━━━ RECORDS SUPPLIED ━━━
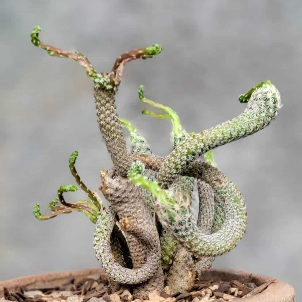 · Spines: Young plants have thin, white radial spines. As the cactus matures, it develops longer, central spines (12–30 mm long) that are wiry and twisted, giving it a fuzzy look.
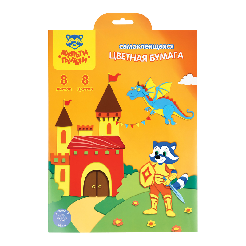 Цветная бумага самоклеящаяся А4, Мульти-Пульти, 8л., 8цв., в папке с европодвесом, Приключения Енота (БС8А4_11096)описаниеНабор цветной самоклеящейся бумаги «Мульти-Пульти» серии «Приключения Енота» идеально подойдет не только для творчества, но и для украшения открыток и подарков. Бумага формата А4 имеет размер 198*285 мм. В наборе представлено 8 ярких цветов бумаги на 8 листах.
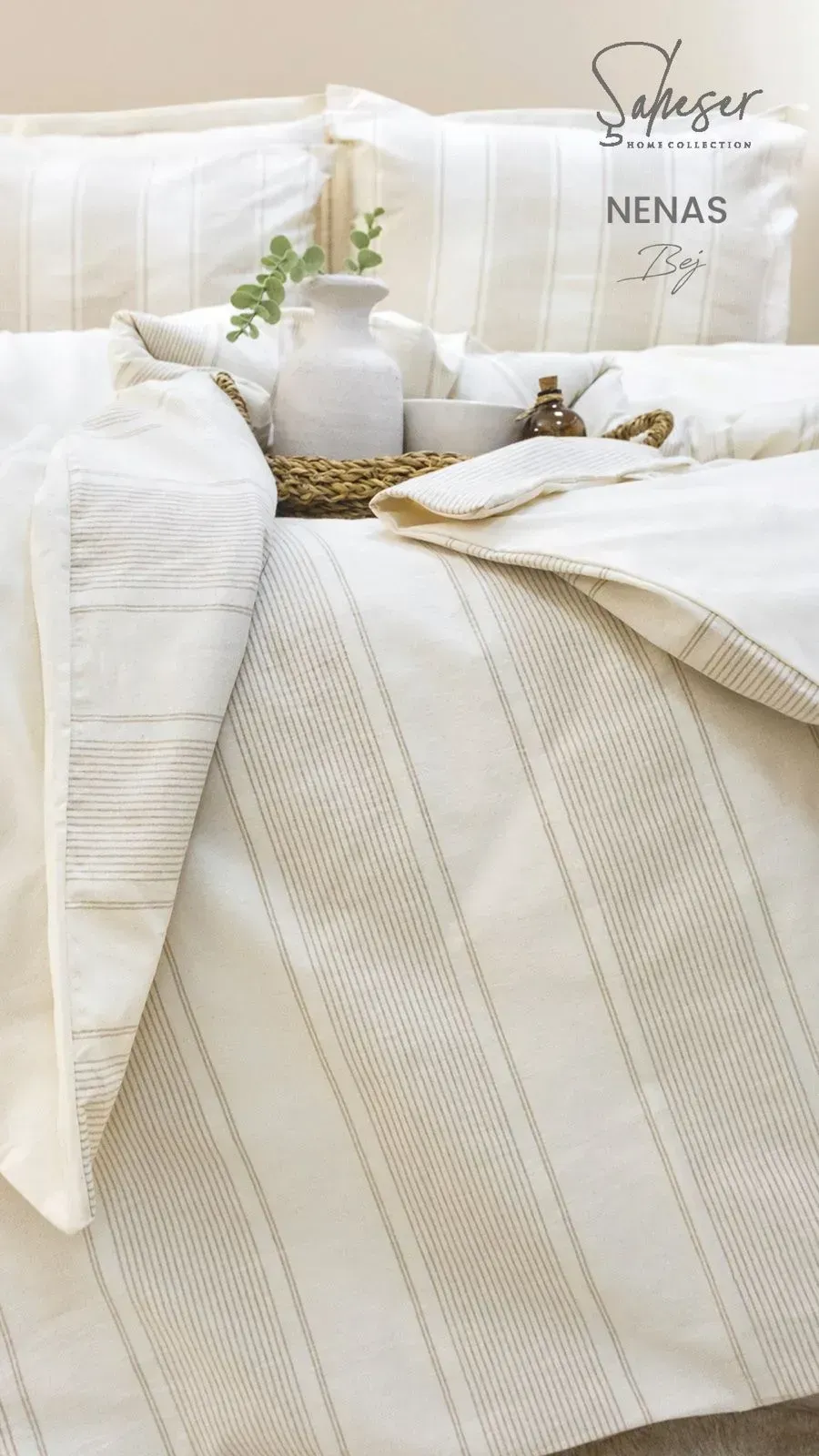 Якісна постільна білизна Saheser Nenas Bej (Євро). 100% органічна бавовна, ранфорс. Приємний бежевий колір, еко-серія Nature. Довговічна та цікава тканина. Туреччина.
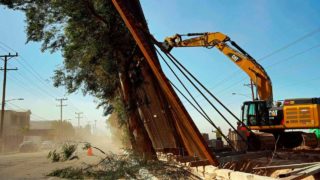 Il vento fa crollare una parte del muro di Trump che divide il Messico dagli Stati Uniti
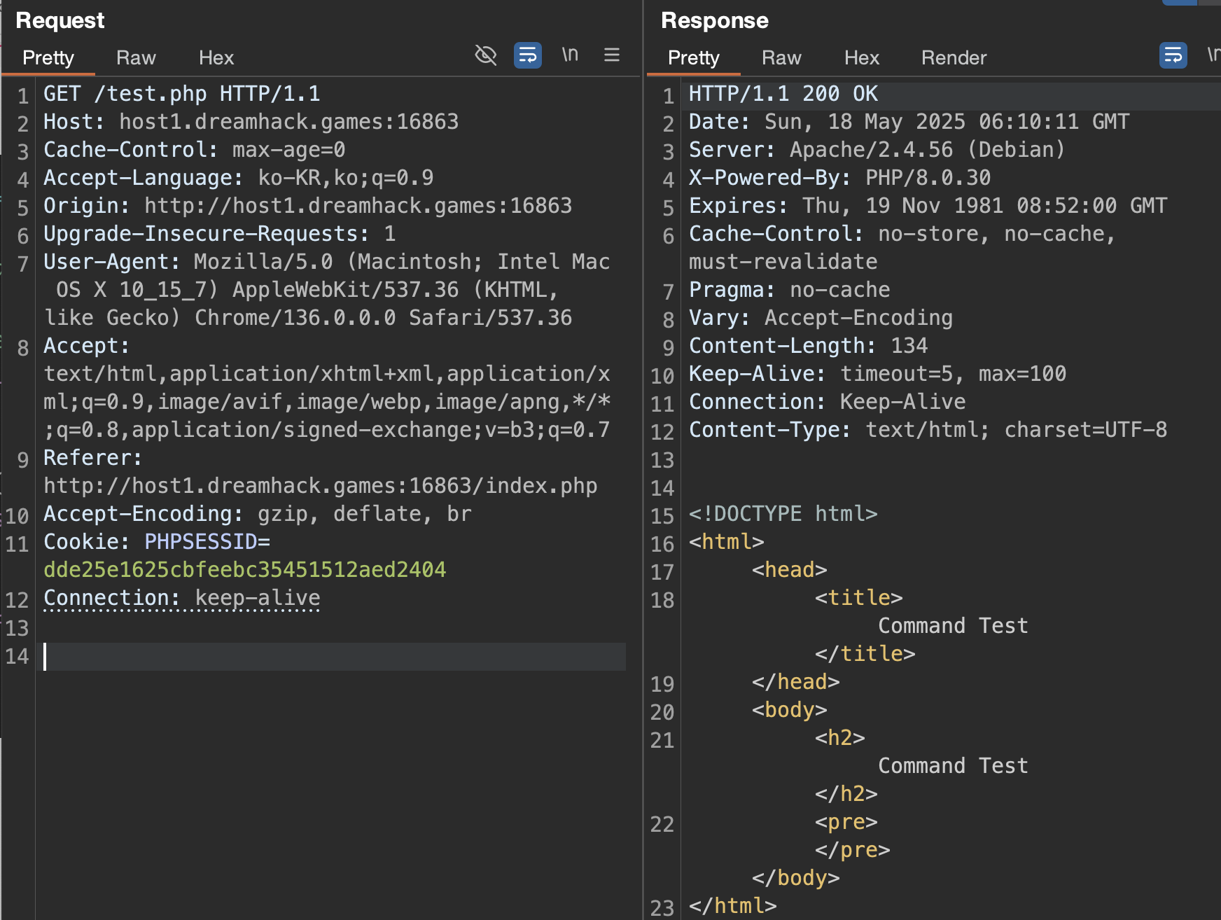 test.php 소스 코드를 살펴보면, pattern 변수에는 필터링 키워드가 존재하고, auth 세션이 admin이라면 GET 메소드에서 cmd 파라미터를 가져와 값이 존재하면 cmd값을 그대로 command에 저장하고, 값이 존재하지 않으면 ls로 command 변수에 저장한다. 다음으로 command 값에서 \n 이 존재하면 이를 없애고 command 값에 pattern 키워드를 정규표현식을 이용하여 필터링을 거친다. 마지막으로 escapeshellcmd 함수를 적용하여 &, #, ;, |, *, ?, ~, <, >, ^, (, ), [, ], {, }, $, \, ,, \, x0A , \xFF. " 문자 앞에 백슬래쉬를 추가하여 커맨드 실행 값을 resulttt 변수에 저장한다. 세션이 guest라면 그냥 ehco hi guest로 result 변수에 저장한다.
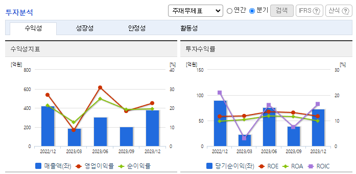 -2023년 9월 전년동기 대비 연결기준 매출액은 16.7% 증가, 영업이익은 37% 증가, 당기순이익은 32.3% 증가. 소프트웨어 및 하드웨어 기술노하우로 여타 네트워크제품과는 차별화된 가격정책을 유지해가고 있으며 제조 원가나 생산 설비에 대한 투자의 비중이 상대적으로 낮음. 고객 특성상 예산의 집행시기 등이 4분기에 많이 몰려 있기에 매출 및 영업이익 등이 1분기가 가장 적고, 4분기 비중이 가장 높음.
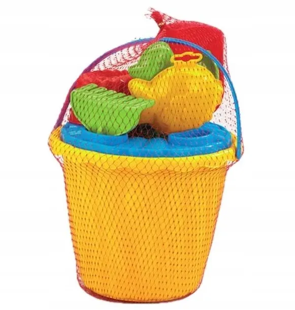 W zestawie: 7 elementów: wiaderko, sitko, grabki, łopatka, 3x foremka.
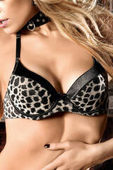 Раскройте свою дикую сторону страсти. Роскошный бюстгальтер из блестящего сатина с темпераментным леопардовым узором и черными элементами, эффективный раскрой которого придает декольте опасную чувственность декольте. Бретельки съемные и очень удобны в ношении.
━━━
━━━ RECORDS SUPPLIED ━━━
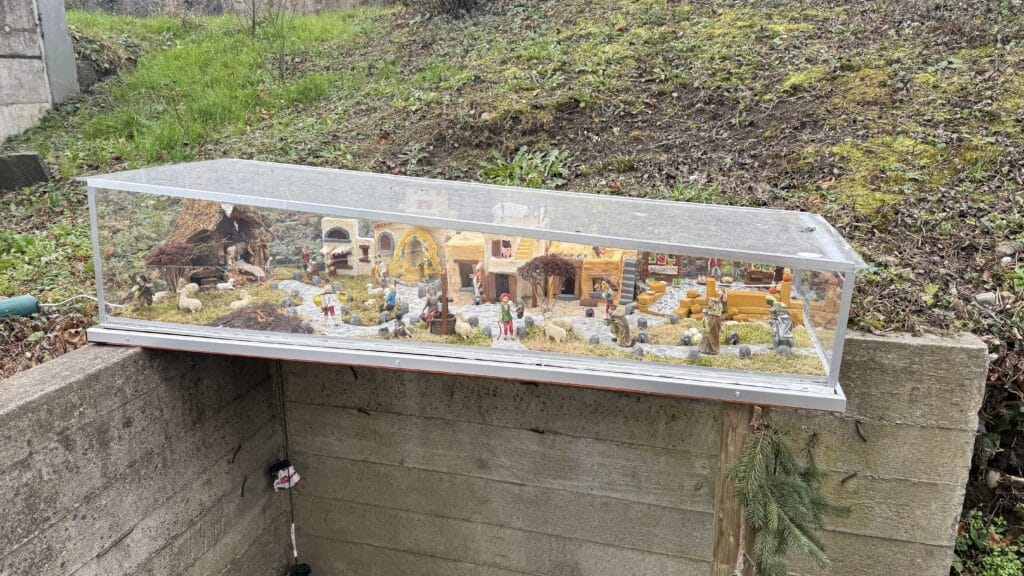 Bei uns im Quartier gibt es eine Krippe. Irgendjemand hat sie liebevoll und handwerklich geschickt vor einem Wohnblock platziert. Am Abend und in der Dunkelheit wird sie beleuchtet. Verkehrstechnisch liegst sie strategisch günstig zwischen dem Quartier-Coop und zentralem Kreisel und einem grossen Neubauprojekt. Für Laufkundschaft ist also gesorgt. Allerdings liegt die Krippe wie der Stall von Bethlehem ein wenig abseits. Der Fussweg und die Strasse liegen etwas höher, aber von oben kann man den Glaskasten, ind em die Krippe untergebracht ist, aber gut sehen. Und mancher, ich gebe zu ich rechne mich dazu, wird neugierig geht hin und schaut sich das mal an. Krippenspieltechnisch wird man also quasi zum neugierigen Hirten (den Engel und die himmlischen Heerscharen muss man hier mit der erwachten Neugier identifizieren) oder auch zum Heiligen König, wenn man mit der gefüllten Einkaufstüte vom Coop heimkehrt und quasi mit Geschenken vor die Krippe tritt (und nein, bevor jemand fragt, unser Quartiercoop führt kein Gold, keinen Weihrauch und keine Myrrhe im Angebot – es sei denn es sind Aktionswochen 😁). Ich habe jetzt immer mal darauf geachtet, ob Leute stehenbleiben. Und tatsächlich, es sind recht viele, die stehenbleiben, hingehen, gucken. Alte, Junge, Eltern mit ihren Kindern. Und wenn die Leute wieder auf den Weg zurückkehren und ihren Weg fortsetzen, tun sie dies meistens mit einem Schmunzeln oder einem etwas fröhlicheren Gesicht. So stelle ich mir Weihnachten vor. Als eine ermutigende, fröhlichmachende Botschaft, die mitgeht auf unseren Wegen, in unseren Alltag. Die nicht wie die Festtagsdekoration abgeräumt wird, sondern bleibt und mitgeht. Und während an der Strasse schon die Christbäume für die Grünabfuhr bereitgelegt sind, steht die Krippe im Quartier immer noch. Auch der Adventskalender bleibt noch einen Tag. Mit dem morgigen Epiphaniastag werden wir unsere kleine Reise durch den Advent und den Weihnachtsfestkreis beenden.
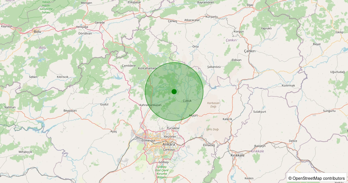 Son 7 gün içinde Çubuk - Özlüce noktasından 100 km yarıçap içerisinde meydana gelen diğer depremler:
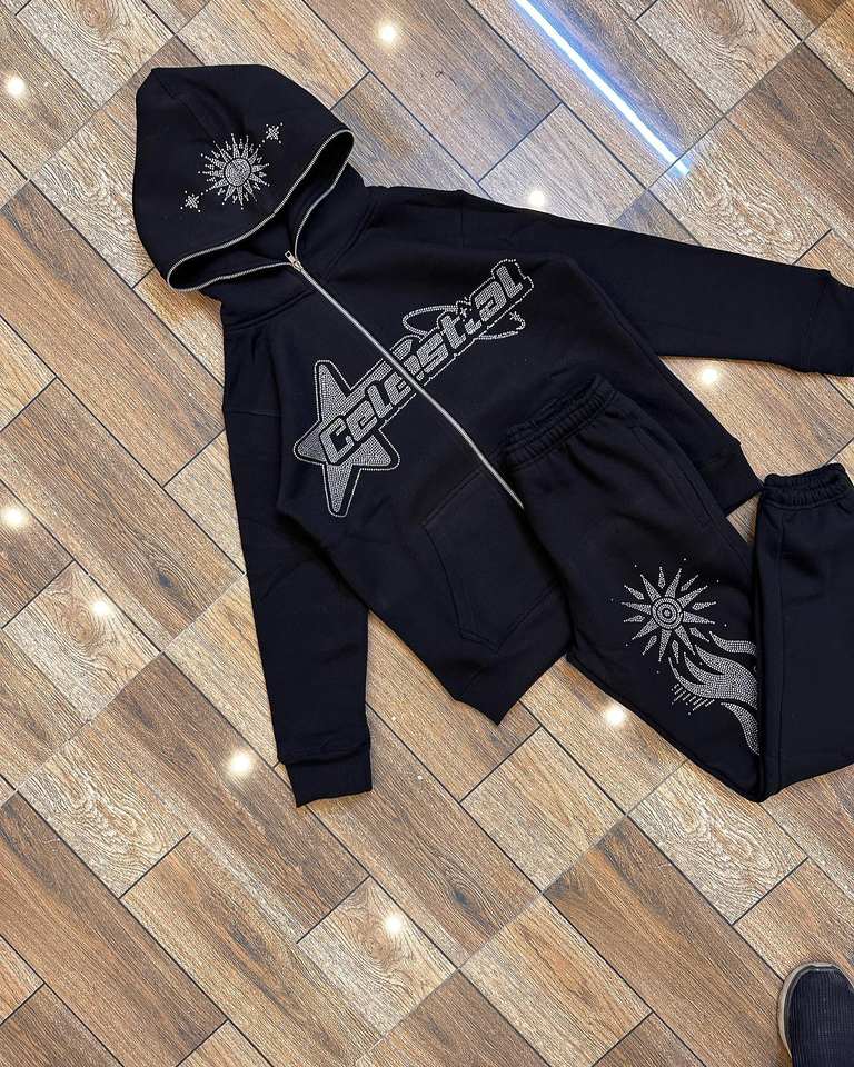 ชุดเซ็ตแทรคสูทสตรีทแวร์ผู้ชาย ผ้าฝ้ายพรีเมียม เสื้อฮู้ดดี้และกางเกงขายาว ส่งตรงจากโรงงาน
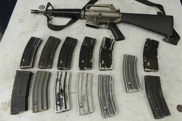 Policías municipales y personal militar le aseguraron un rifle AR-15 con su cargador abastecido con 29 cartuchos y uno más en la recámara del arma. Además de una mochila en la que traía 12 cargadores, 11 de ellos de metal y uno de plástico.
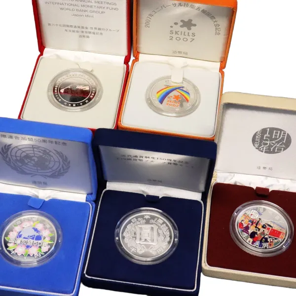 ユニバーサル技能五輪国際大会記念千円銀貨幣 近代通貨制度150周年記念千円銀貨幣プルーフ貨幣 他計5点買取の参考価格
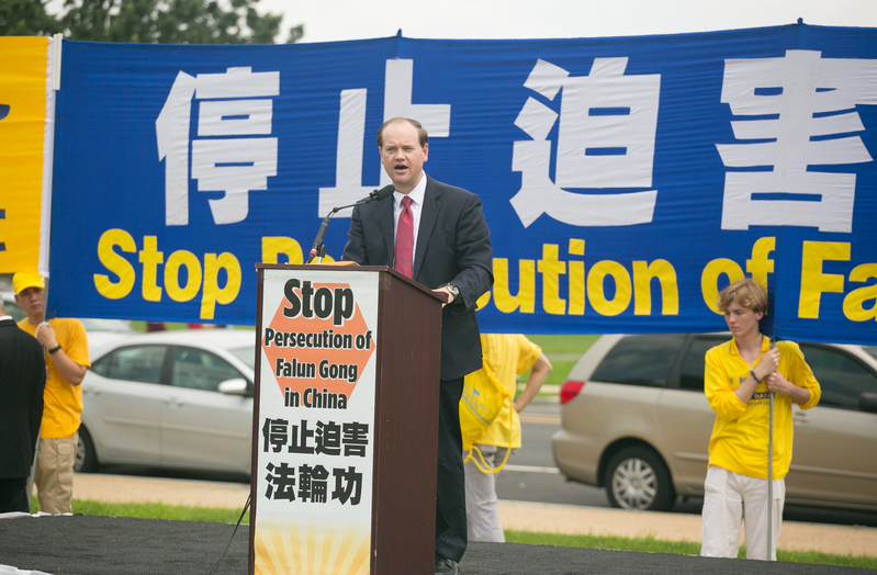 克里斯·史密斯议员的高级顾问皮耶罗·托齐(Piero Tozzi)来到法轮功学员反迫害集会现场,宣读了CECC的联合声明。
━━━
━━━ RECORDS SUPPLIED ━━━
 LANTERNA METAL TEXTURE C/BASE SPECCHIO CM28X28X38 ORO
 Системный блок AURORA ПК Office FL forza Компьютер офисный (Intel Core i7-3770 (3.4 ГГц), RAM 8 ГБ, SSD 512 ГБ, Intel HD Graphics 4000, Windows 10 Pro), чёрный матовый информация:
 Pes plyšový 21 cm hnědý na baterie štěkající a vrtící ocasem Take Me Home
━━━
What do the entries above read from the line containing "W zestawie: 7" through the line containing "Раскройте свою дикую"? Output those lines exactly, both ends included, with the pictures left out.

RESPONSE TO THIS TASK:
 W zestawie: 7 elementów: wiaderko, sitko, grabki, łopatka, 3x foremka.
 Раскройте свою дикую сторону страсти. Роскошный бюстгальтер из блестящего сатина с темпераментным леопардовым узором и черными элементами, эффективный раскрой которого придает декольте опасную чувственность декольте. Бретельки съемные и очень удобны в ношении.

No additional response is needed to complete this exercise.